§ **Material provided**
————

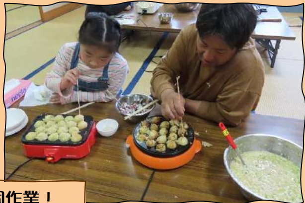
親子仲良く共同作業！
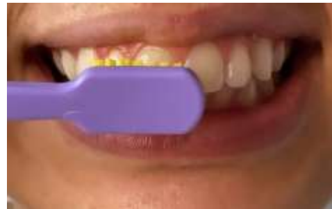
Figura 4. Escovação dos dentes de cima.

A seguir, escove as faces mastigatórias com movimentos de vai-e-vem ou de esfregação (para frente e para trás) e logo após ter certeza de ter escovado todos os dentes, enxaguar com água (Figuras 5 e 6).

————

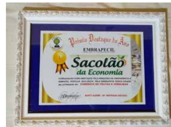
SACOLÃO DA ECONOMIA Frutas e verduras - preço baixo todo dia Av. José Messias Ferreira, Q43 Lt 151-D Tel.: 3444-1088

————

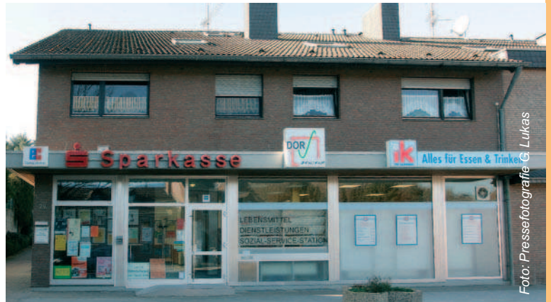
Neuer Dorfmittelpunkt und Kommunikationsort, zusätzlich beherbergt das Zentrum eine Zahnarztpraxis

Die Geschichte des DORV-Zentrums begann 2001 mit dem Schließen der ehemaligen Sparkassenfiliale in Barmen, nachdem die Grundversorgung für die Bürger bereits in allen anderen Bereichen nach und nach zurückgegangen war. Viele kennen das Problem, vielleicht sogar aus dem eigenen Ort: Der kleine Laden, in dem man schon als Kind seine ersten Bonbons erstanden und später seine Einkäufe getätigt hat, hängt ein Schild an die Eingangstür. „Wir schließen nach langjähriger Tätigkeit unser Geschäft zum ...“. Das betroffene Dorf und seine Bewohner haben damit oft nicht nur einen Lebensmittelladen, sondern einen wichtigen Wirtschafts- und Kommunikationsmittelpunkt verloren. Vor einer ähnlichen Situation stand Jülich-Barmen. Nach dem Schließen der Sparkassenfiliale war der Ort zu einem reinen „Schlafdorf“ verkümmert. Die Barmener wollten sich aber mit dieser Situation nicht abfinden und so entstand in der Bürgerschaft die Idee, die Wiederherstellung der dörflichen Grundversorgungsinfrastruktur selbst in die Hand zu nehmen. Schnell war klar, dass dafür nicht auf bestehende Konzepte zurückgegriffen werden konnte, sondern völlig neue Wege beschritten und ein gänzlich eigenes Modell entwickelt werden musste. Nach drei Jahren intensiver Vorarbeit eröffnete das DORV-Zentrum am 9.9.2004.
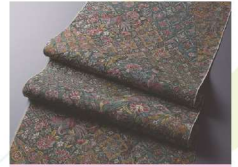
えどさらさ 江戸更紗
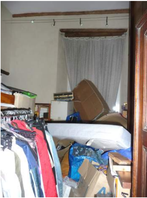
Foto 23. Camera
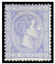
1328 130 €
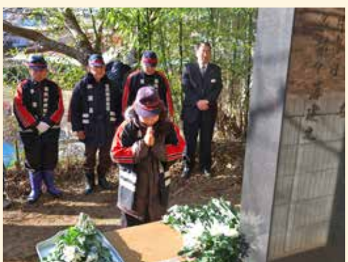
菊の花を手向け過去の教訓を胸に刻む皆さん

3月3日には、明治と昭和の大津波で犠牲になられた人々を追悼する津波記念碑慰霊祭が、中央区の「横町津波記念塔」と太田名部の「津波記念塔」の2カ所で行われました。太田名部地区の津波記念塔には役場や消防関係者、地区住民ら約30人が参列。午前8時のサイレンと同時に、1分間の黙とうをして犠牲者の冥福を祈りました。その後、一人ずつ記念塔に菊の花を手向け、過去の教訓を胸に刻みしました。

————

§ **Exercise brief**
Look for the word "dentes" in the data, then return every line that contains it.

§ **Answer area**
Figura 4. Escovação dos dentes de cima.
A seguir, escove as faces mastigatórias com movimentos de vai-e-vem ou de esfregação (para frente e para trás) e logo após ter certeza de ter escovado todos os dentes, enxaguar com água (Figuras 5 e 6).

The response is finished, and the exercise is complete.